Training flywheel

Strict isolation training run: Kaggle + local SFT + blind holdout

The March 30 snapshot ties together the public Kaggle adversarial dataset, local SCBE-specific SFT records, benign document slices, and a separate 20-category blind holdout. The point of this page is not the highest number. The point is that the benchmark stayed separate from training.

March 30, 2026 Kaggle Hugging Face Strict isolation Blind holdout

Evidence rule: benchmark attacks never enter training data.

The classifier can look strong on in-distribution attack patterns and still fail on structural attack families. This run keeps that distinction visible instead of hiding it behind one blended score.

40K
Kaggle adversarial samples
4,846
Local SCBE SFT records
500
Benign document samples
400
Blind holdout prompts
94.9%
Train-eval accuracy
73.5%
Blind benchmark detection

Pipeline in one command

The repo records this loop as a repeatable training path, not a one-off notebook experiment:

python scripts/unified_training_pipeline.py --sklearn --push
StageSourceRole in the run
1Kaggle MPDDStandard adversarial prompt corpus
2Local SCBE SFTRepo-specific instruction and governance records
3Benign docsSafe language baseline
420-category holdoutBlind benchmark that stays outside training
5Hugging Face publish laneModel artifact and report persistence

Why this page exists

Earlier SCBE notes documented a much harder overlap-harness result: raw classifier recall at 34.5 percent on the 20-category benchmark. That older result is still useful, because it proves the public Kaggle distribution does not cover every SCBE attack family. This newer strict-isolation run shows the training lane has moved forward, but it does not erase the need for a separate overlap harness and structural gate.

Current weak spots in the blind holdout

The latest training report still leaves obvious attack families under-covered.
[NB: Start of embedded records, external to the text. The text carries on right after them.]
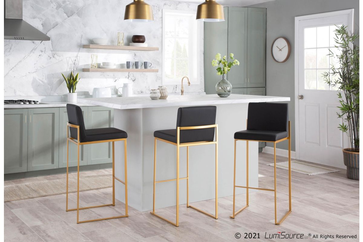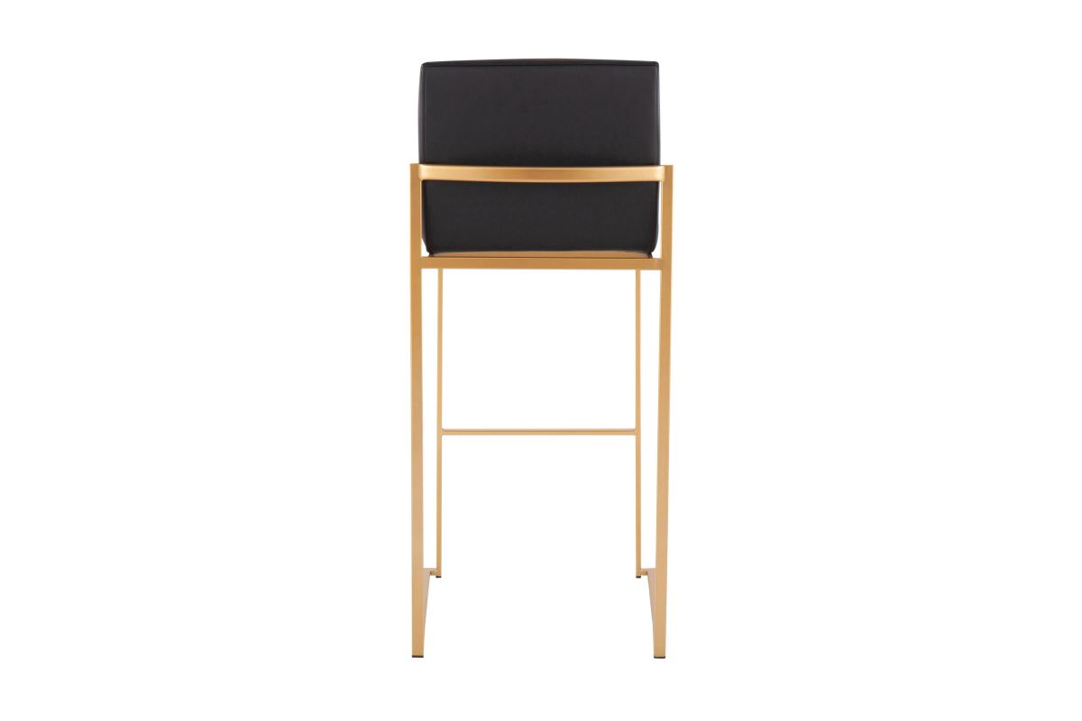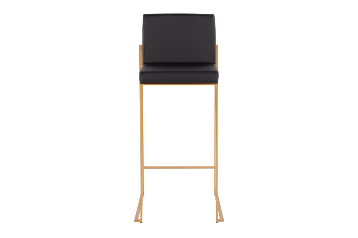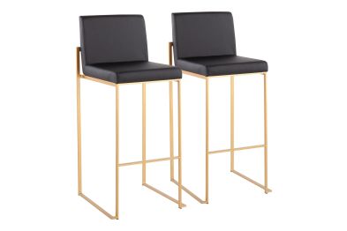 Modern elegance at its finest, the Fuji High Back Bar Stool features an extra-wide (and extra comfortable) upholstered seat, a high padded backrest, and a stylish metal frame. The perfect contemporary bar stool, the Fuji is available in a stainless steel or gold metal frame and comes in a variety of sleek upholstery colors.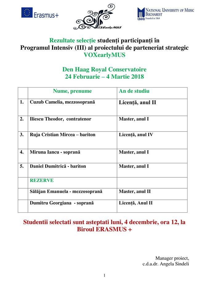 Rezultate selectie studenti pentru Programul Intensiv (III) al proiectului de parteneriat strategic VOXearlyMUS
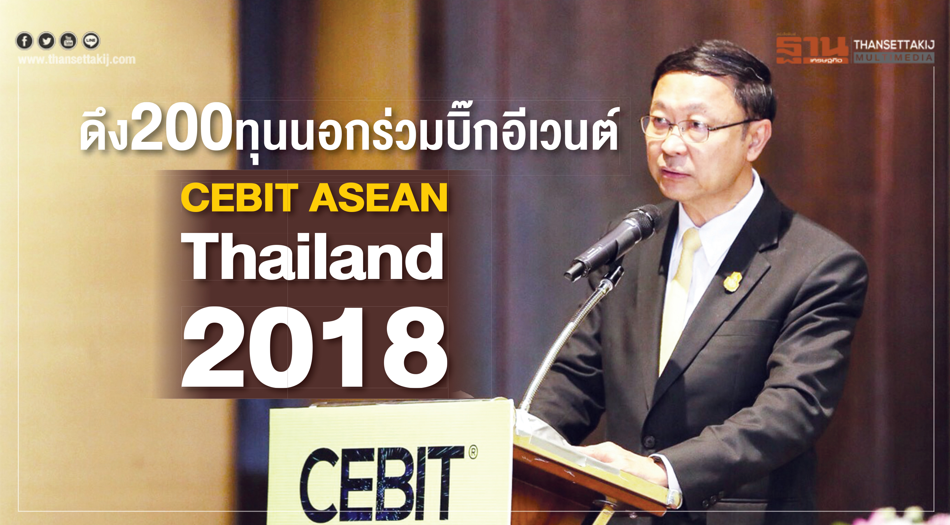 นายพิเชฐ ดุรงคเวโรจน์ รัฐมนตรีว่าการกระทรวงดิจิทัลเพื่อเศรษฐกิจและสังคม เปิดเผยว่า กระทรวงดิจิทัลฯ ได้มีการร่วมมือกับ กระทรวงวิทยาศาสตร์และเทคโนโลยี บริษัท อิมแพ็ค เอ็กซิบิชั่น แมเนจเม้นท์ จำกัด และดอชเช่อ เมสเซ่ เอจี ประเทศเยอรมนี เตรียมจัดงาน “CEBIT ASEAN Thailand 2018” เพื่อรวบรวมเทคโนโลยีและผู้เชี่ยวชาญด้านดิจิตอลจากทั้งภาครัฐและภาคเอกชน ในการแสดงนิทรรศการเป็นครั้งแรกของไทย ในวันที่ 18-20 ตุลาคมนี้ ที่ศูนย์แสดงสินค้าและการประชุมอิมแพ็ค เมืองทองธานี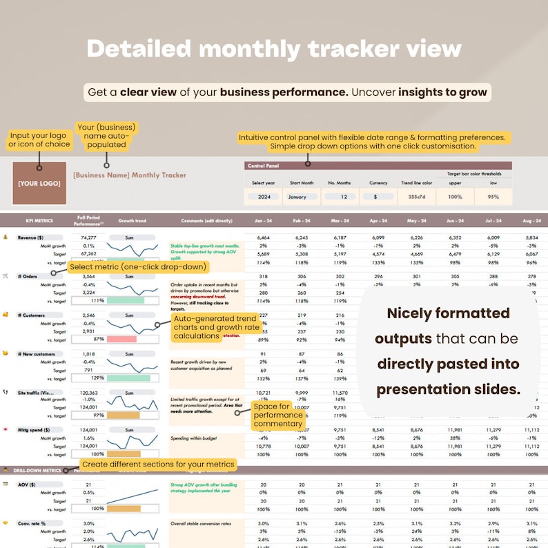 Business Performance Tracker KPI Dashboard Monatlicher Tracker mit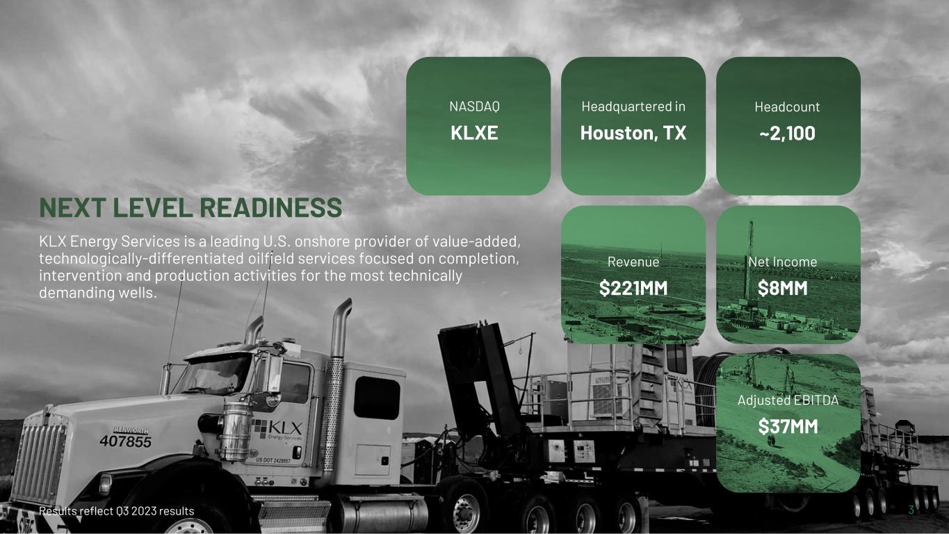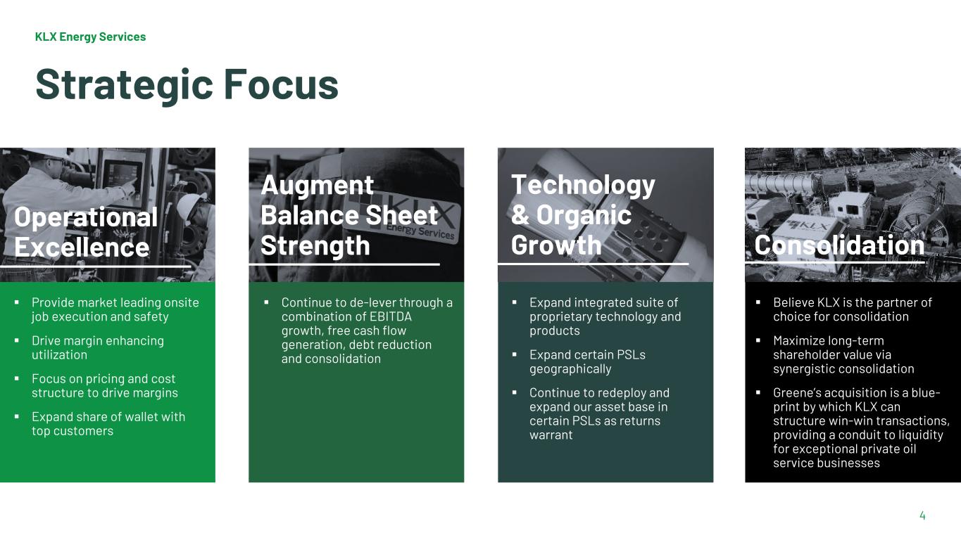 3 NEXT LEVEL READINESS KLX Energy Services is a leading U.S. onshore provider of value-added, technologically-differentiated oilfield services focused on completion, intervention and production activities for the most technically demanding wells. NASDAQ KLXE Headquartered in Houston, TX Headcount ~2,100 Revenue $221MM Net Income $8MM Adjusted EBITDA $37MM Results reflect Q3 2023 results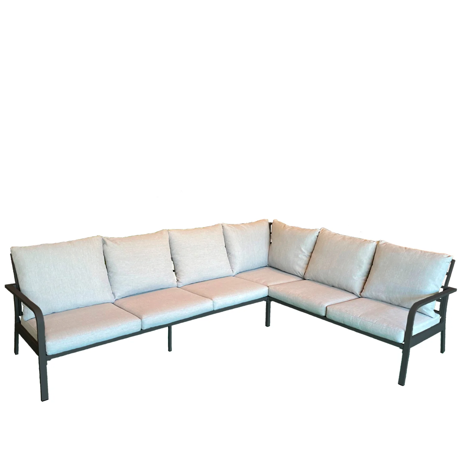 Generös hörnsoffa som med sin lätthet i designen skapar ett stilrent och modernt uttryck. Framtagen för högsta komfort med god sittlutning i sitsen. Hörnsoffan är vändbar så du väljer själv om du vill ha den vänster- eller högerställd. Tillverkad i aluminium med dynor i gråbeige olefin. Avtagbar klädsel, handtvätt 30 grader.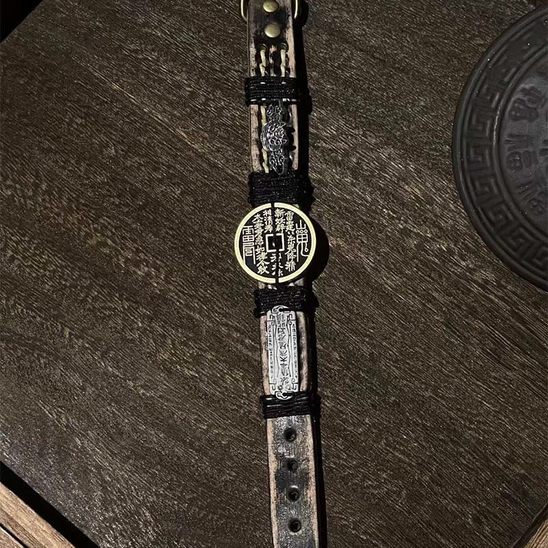 Links und rechts sind vierstellige Zeichen, auch bekannt als „Taoistische Rune“. Die Rune wird als „Donnerbefehl zum Töten von Geistern“ interpretiert, links steht „Lei Ling“ (chinesisch: 雷令) und rechts „Geister töten“. Der sogenannte „Berggeist“ bedeutet eigentlich „Geister töten“ (chinesisch: 杀鬼), und „Geister“ bedeutet „töten“. Die ursprüngliche Bedeutung ist, dass drei Donnerpillen auf den Kopf des „Geistes“ gelegt werden und die Pillen Flammen erzeugen. Die Bedeutung von „Blitz trifft Geister, entzündet ein Feuer und tötet sie“ ist kein piktografisches Zeichen für „Berg“. Es gibt ein anderes Sprichwort: „. „Berggeist“ ist der sogenannte Berggott, da er vom Kaiser des Himmels nicht offiziell heiliggesprochen wurde, daher wird er immer noch „Berggeist“ genannt.“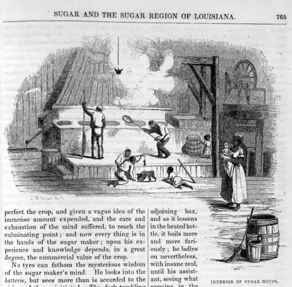 Труд рабов в цеху по переработке сахарного тростника (штат Луизиана, 1853 год)
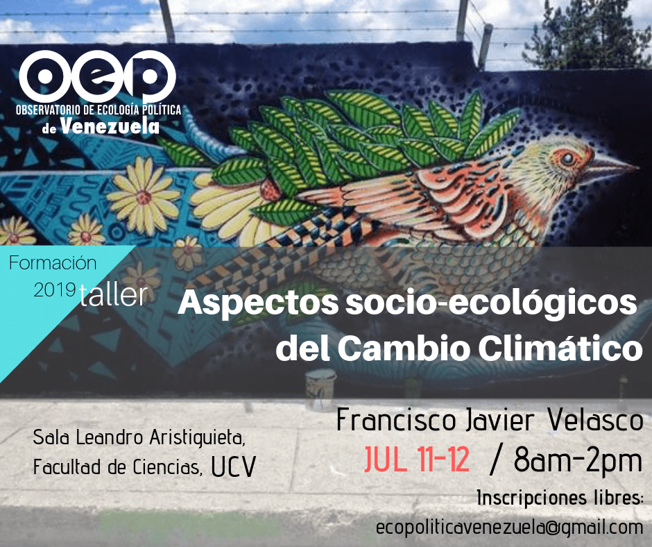 Los días jueves 11 y viernes 12 de julio se realizará el taller «Aspectos Socio-Ecológicos del Cambio Climático», dictado por el investigador y activista Francisco Javier Velasco del Observatorio de Ecología Política de Venezuela en la Sala Leandro Aristeguieta de la Facultad de Ciencias de la UCV, Caracas.

The weakest measured categories in the current run are the ones that should shape the next data pull and the next architecture pass.

CategoryDetectionWhat it suggests
context_overflow20%Need more window-manipulation and long-context training examples
multi_step_chain40%Multi-turn escalation still under-modeled
encoding_obfuscation50%Wrapper and encoding patterns need more direct coverage
model_extraction50%Weights, architecture, and prompt-leak behavior still need data

Evidence packet

This page is derived from a timestamped repo artifact, not a hand-edited marketing summary.

artifacts/training/training_report.json
pipeline: unified_scbe_training_v2_strict_isolation
timestamp: 2026-03-30T05:22:53Z